WHAT THIS TASK INVOLVES - Output, word for word, each line from the one with "В центре комнаты" through the end of the listing below, excluding every picture.

DATA FOR ANALYSIS -
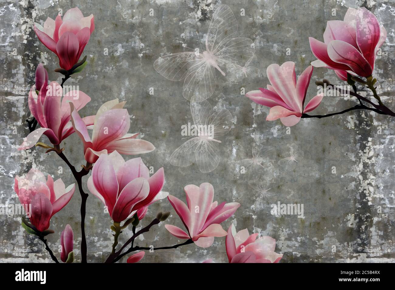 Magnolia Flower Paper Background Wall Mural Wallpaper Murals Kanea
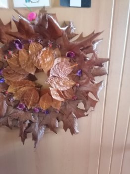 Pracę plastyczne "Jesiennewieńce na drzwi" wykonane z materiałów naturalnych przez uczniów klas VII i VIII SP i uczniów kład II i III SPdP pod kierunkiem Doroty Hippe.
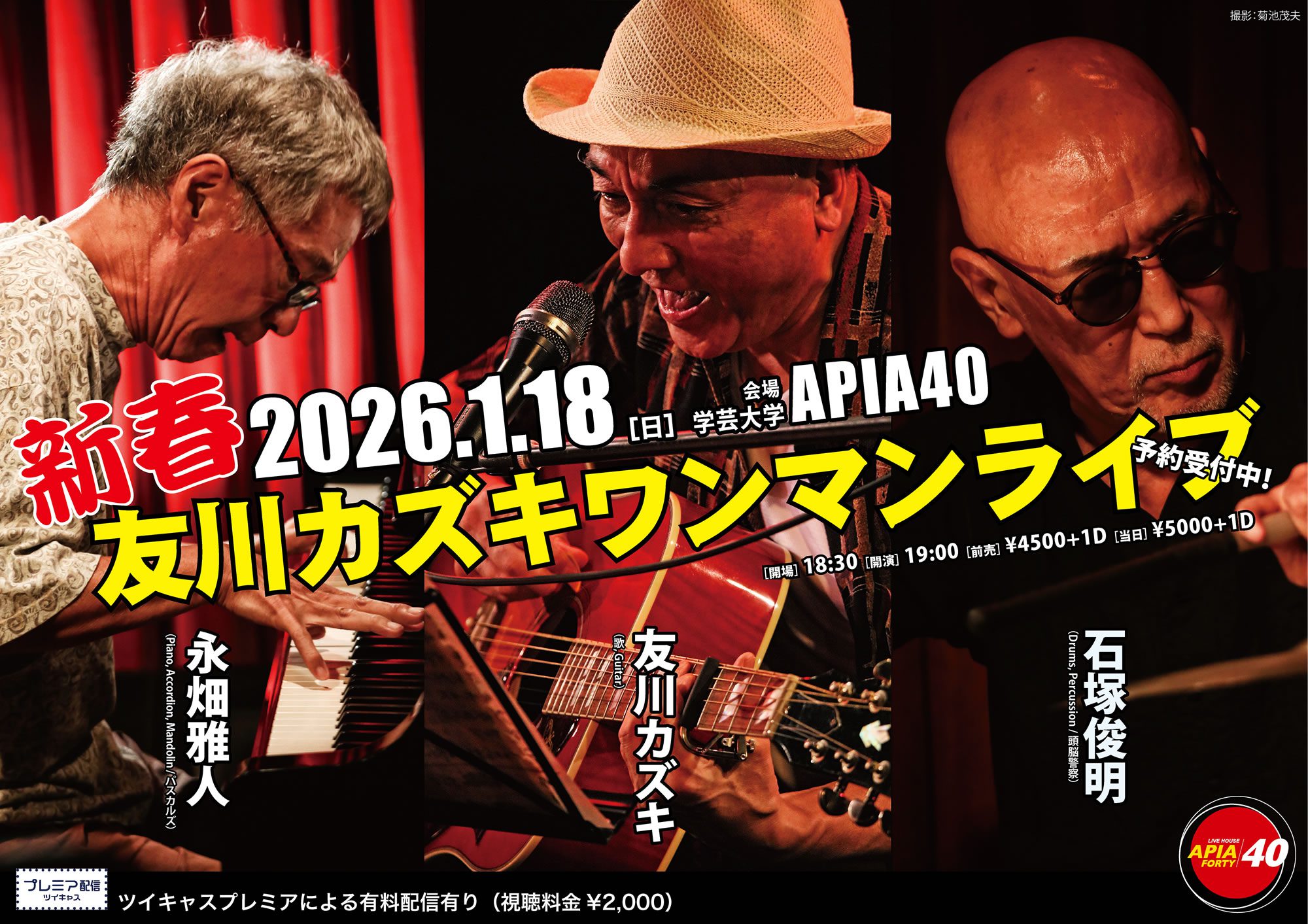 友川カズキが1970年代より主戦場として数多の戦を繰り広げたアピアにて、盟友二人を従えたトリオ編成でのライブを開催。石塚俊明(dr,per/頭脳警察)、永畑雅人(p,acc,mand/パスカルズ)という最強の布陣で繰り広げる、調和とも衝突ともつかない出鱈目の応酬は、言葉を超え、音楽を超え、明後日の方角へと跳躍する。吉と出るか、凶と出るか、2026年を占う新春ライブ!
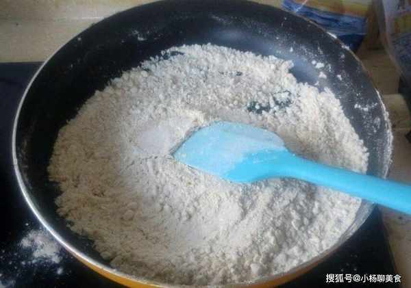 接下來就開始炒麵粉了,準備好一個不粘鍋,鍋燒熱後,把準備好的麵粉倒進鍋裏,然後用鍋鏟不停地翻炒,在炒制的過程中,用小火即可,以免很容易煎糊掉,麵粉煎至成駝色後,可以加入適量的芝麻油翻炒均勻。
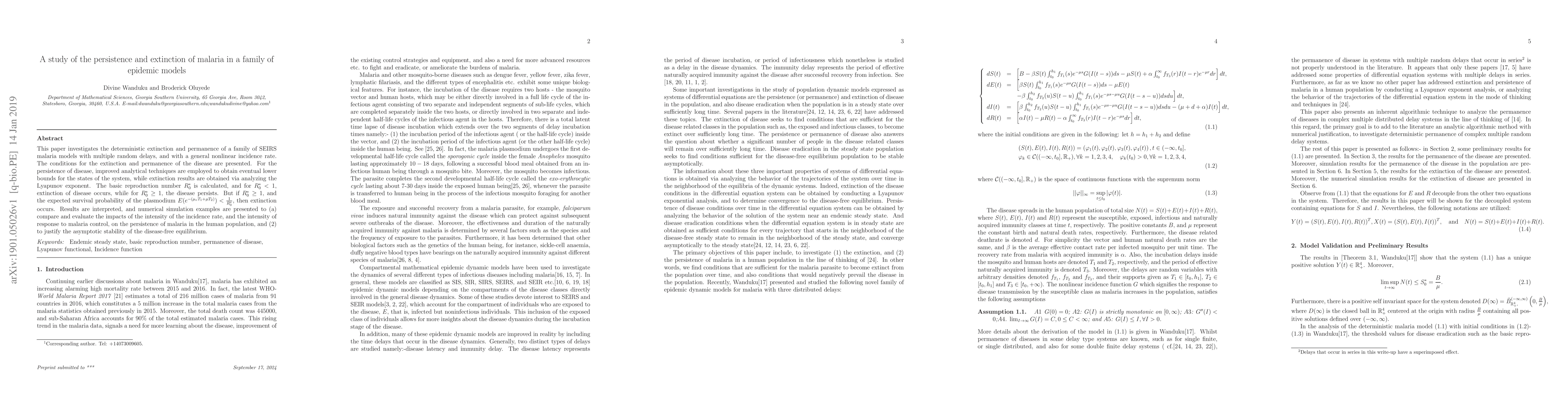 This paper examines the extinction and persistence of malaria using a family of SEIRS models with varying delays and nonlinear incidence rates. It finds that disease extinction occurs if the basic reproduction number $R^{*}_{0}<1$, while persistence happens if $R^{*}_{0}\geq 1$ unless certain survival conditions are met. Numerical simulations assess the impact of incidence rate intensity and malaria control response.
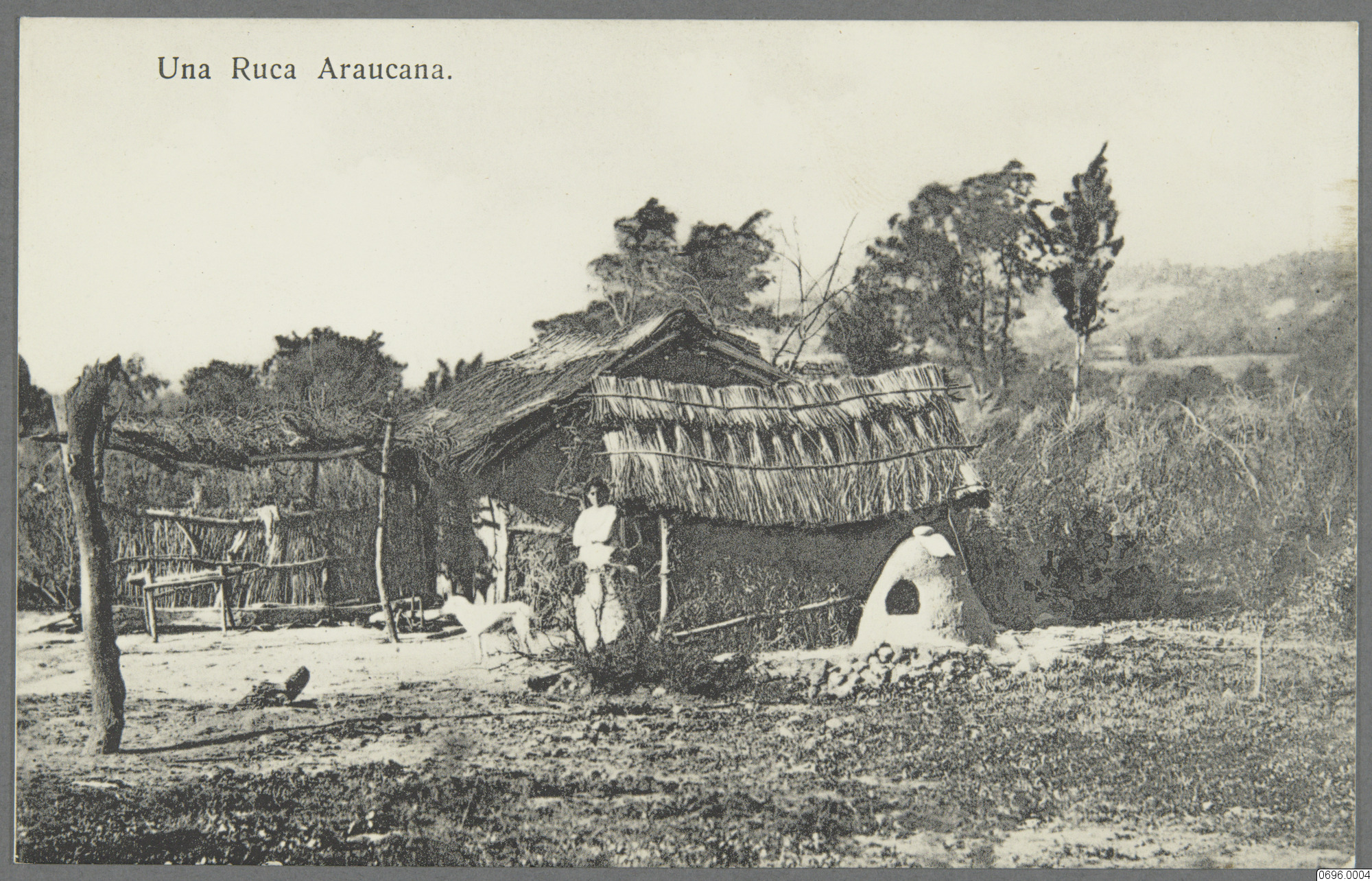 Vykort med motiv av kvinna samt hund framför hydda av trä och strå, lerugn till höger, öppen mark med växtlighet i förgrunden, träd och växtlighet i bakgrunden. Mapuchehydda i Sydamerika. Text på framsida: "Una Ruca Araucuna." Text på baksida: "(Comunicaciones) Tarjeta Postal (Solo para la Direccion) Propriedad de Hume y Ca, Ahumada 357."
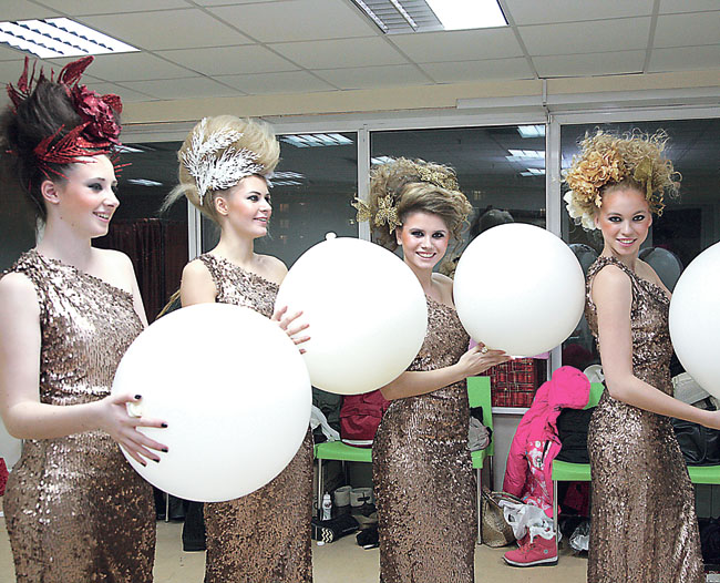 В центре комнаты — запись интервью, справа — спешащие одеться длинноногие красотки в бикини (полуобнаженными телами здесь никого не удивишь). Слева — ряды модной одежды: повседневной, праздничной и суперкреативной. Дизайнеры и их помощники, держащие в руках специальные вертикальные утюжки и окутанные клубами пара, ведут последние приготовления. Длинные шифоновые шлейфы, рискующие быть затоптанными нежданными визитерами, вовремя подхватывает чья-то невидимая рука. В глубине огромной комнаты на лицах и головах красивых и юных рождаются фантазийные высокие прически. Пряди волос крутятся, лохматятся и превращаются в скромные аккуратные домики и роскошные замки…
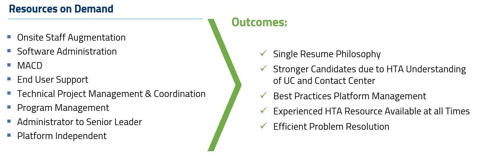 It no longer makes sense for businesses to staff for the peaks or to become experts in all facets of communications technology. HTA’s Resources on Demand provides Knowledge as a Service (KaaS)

YOUR RESPONSE -
 В центре комнаты — запись интервью, справа — спешащие одеться длинноногие красотки в бикини (полуобнаженными телами здесь никого не удивишь). Слева — ряды модной одежды: повседневной, праздничной и суперкреативной. Дизайнеры и их помощники, держащие в руках специальные вертикальные утюжки и окутанные клубами пара, ведут последние приготовления. Длинные шифоновые шлейфы, рискующие быть затоптанными нежданными визитерами, вовремя подхватывает чья-то невидимая рука. В глубине огромной комнаты на лицах и головах красивых и юных рождаются фантазийные высокие прически. Пряди волос крутятся, лохматятся и превращаются в скромные аккуратные домики и роскошные замки…
 It no longer makes sense for businesses to staff for the peaks or to become experts in all facets of communications technology. HTA’s Resources on Demand provides Knowledge as a Service (KaaS)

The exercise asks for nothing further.